* **Exercise**
Copy each line of the records below, from the first through the one that contains "Map of Eastern Croatia", exactly as written.

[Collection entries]
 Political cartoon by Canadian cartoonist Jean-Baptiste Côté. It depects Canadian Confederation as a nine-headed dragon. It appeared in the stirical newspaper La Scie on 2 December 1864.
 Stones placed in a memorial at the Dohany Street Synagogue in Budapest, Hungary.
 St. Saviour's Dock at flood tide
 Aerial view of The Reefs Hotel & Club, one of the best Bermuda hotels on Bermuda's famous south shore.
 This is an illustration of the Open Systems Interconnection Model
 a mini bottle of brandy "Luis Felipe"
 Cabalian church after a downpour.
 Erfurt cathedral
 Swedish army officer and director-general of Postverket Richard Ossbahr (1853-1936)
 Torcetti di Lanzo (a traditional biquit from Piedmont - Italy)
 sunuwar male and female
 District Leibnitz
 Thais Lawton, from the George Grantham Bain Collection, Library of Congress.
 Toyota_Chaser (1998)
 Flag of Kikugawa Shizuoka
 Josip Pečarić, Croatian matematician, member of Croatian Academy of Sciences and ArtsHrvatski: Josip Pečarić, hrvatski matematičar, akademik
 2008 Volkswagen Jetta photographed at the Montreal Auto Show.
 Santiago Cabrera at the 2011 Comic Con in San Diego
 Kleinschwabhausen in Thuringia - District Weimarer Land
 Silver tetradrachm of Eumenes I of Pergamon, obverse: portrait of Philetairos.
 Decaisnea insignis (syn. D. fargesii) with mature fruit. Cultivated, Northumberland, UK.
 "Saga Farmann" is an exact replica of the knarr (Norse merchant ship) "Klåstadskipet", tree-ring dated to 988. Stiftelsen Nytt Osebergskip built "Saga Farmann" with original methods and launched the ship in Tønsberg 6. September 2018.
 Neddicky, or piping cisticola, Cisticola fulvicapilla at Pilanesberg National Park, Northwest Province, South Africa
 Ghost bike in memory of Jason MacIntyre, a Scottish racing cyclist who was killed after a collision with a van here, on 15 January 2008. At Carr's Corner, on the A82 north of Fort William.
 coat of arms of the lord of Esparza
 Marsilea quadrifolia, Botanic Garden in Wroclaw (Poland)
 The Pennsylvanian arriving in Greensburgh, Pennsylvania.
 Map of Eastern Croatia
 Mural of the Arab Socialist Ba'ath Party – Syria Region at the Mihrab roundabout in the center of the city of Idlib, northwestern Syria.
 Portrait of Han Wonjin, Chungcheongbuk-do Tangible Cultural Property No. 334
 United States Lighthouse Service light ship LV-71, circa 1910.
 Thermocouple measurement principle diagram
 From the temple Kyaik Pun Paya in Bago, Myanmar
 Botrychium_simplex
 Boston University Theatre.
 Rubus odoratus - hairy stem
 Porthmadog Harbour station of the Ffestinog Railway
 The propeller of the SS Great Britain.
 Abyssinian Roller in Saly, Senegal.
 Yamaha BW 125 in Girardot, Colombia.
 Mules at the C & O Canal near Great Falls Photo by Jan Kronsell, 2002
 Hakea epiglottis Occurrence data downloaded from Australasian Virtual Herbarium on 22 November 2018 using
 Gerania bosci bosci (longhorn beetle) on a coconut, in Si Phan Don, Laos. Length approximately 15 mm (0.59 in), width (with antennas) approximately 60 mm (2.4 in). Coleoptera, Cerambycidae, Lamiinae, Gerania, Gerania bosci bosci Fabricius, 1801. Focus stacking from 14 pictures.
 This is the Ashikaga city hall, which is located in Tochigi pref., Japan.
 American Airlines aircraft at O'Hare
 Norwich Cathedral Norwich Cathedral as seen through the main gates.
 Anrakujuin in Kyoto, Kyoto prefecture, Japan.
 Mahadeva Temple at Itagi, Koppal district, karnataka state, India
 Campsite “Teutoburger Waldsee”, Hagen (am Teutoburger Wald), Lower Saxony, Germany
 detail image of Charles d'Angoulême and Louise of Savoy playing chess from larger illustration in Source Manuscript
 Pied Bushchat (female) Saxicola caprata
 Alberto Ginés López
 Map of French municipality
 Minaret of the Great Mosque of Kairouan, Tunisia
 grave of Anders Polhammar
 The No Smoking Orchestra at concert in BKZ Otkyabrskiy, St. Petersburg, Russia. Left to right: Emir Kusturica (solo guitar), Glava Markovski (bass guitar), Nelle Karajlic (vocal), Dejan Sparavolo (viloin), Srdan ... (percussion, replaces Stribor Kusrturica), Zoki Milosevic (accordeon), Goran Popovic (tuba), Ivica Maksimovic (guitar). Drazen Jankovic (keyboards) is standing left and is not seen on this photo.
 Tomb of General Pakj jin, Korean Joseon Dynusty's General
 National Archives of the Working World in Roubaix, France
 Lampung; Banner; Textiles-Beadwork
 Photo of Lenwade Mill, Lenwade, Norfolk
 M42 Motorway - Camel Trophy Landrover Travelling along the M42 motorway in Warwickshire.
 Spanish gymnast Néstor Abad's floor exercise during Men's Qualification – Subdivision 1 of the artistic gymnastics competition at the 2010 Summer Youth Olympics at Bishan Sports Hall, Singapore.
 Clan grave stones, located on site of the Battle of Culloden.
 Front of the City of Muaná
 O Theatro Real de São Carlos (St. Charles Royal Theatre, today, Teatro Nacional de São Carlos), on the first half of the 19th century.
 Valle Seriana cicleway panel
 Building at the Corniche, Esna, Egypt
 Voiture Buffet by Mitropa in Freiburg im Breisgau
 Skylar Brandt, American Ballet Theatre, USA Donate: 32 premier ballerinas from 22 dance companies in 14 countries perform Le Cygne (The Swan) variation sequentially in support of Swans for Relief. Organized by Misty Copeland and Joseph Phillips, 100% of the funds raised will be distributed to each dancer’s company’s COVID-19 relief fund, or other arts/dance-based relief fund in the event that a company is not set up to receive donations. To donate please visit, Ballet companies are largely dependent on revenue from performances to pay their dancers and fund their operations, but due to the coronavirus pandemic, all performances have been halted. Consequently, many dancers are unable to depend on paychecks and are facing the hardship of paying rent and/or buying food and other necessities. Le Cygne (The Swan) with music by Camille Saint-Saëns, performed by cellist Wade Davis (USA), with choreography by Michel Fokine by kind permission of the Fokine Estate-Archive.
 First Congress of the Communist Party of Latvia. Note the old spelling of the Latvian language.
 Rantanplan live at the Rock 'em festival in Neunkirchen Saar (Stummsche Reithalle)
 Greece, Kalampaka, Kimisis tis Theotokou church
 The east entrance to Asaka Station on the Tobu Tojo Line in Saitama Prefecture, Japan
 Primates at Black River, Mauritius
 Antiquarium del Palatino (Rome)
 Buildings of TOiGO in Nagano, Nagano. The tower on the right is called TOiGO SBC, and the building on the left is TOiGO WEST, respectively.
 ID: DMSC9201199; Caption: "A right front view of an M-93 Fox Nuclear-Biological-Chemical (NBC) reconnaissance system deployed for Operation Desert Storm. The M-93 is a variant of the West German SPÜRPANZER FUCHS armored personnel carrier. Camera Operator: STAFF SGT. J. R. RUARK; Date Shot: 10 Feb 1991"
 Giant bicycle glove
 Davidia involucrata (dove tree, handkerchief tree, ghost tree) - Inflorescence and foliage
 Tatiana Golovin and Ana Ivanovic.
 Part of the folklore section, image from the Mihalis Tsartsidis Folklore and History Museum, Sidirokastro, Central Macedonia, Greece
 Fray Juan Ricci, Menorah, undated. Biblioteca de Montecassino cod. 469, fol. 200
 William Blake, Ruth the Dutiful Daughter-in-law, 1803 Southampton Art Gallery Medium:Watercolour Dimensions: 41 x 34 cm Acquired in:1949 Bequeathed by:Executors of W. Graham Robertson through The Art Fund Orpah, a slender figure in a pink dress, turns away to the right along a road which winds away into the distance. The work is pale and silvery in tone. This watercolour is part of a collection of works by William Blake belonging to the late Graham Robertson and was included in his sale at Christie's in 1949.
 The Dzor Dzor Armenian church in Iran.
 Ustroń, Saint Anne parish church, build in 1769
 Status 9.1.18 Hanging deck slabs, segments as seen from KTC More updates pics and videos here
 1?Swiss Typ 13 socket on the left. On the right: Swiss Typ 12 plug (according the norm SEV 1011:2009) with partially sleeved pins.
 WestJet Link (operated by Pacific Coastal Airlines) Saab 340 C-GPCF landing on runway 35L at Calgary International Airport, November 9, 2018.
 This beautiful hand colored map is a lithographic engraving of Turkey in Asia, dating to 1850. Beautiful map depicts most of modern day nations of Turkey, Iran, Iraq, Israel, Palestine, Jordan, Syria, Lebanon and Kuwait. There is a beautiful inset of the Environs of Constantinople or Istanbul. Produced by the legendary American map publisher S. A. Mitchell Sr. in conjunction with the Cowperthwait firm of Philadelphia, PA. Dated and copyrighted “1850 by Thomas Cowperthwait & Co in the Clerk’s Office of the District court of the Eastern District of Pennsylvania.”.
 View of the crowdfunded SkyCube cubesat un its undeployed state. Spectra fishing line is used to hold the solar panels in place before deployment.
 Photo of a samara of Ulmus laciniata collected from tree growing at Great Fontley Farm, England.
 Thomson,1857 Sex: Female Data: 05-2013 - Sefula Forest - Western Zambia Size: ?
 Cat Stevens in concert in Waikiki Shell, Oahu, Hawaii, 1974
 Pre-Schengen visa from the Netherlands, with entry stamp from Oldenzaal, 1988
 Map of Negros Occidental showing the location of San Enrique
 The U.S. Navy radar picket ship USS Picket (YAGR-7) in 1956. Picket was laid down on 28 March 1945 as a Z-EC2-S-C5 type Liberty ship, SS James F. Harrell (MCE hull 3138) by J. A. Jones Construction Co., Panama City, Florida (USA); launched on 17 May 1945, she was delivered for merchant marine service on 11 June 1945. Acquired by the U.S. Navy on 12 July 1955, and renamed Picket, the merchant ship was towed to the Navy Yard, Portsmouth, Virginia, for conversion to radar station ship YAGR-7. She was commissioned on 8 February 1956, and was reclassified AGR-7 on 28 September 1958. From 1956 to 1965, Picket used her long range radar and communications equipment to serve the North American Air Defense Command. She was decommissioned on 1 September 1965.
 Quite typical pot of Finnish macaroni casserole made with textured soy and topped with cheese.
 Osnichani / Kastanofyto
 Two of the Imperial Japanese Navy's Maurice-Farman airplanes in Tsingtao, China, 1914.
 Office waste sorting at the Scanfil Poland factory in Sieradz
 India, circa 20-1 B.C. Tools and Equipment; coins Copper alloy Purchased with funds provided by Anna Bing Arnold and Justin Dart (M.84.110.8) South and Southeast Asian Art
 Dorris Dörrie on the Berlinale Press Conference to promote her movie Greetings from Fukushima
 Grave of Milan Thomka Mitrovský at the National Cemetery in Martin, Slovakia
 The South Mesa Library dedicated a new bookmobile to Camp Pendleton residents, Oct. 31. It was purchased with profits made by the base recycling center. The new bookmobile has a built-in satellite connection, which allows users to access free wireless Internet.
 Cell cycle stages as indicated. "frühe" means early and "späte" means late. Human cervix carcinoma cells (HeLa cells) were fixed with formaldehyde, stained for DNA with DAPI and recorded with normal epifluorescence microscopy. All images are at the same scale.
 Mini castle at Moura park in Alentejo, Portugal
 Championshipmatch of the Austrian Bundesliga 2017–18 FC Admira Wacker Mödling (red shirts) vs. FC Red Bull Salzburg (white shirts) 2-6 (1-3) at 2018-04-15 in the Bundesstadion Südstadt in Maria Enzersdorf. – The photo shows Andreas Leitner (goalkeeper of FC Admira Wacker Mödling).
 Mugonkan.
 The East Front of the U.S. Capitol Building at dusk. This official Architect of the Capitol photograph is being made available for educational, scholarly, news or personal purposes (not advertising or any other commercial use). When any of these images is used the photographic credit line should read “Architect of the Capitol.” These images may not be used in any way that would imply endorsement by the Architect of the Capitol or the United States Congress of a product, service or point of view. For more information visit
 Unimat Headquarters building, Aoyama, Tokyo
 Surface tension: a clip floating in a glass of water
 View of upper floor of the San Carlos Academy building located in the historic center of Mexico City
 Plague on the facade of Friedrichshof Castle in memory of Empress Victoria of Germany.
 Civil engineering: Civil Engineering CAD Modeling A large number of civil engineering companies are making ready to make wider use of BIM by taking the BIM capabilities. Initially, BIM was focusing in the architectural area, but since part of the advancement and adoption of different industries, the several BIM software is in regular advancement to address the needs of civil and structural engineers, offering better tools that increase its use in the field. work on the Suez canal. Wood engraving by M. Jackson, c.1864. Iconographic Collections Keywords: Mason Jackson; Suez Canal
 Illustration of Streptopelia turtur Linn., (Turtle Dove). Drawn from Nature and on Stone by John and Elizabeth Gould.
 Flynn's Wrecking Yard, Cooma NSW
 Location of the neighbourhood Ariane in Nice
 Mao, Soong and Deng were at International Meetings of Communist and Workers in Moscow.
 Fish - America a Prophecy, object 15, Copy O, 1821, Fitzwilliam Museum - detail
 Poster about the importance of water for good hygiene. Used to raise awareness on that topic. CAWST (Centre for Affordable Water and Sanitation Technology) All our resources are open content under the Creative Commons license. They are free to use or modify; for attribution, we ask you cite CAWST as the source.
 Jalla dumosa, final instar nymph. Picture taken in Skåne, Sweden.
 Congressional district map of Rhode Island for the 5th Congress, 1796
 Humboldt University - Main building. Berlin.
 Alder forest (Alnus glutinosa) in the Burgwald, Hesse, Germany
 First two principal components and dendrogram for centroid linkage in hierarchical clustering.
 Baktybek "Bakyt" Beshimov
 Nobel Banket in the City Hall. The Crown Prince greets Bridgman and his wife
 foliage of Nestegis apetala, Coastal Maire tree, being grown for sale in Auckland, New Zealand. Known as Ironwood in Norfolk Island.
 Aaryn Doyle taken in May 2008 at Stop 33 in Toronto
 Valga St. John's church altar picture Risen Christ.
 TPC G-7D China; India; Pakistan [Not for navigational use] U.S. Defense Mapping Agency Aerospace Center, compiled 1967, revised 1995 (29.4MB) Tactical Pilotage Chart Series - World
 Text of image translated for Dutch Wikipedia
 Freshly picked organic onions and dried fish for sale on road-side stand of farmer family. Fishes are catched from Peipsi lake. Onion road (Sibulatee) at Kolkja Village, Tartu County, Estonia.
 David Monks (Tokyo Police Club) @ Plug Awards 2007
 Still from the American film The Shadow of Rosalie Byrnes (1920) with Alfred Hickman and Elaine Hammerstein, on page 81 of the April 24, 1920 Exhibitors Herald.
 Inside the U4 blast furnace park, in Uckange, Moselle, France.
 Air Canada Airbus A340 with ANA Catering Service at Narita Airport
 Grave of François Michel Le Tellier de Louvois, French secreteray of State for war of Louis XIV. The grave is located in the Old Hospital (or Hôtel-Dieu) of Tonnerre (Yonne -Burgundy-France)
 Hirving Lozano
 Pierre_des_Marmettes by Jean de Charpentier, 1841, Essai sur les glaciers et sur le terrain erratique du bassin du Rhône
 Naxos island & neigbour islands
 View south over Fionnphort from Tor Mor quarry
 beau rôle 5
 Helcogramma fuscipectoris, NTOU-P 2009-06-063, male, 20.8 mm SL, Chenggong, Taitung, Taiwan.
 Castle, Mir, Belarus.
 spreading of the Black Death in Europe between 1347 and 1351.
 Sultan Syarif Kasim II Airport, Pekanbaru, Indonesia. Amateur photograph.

* **Response box**
 Political cartoon by Canadian cartoonist Jean-Baptiste Côté. It depects Canadian Confederation as a nine-headed dragon. It appeared in the stirical newspaper La Scie on 2 December 1864.
 Stones placed in a memorial at the Dohany Street Synagogue in Budapest, Hungary.
 St. Saviour's Dock at flood tide
 Aerial view of The Reefs Hotel & Club, one of the best Bermuda hotels on Bermuda's famous south shore.
 This is an illustration of the Open Systems Interconnection Model
 a mini bottle of brandy "Luis Felipe"
 Cabalian church after a downpour.
 Erfurt cathedral
 Swedish army officer and director-general of Postverket Richard Ossbahr (1853-1936)
 Torcetti di Lanzo (a traditional biquit from Piedmont - Italy)
 sunuwar male and female
 District Leibnitz
 Thais Lawton, from the George Grantham Bain Collection, Library of Congress.
 Toyota_Chaser (1998)
 Flag of Kikugawa Shizuoka
 Josip Pečarić, Croatian matematician, member of Croatian Academy of Sciences and ArtsHrvatski: Josip Pečarić, hrvatski matematičar, akademik
 2008 Volkswagen Jetta photographed at the Montreal Auto Show.
 Santiago Cabrera at the 2011 Comic Con in San Diego
 Kleinschwabhausen in Thuringia - District Weimarer Land
 Silver tetradrachm of Eumenes I of Pergamon, obverse: portrait of Philetairos.
 Decaisnea insignis (syn. D. fargesii) with mature fruit. Cultivated, Northumberland, UK.
 "Saga Farmann" is an exact replica of the knarr (Norse merchant ship) "Klåstadskipet", tree-ring dated to 988. Stiftelsen Nytt Osebergskip built "Saga Farmann" with original methods and launched the ship in Tønsberg 6. September 2018.
 Neddicky, or piping cisticola, Cisticola fulvicapilla at Pilanesberg National Park, Northwest Province, South Africa
 Ghost bike in memory of Jason MacIntyre, a Scottish racing cyclist who was killed after a collision with a van here, on 15 January 2008. At Carr's Corner, on the A82 north of Fort William.
 coat of arms of the lord of Esparza
 Marsilea quadrifolia, Botanic Garden in Wroclaw (Poland)
 The Pennsylvanian arriving in Greensburgh, Pennsylvania.
 Map of Eastern Croatia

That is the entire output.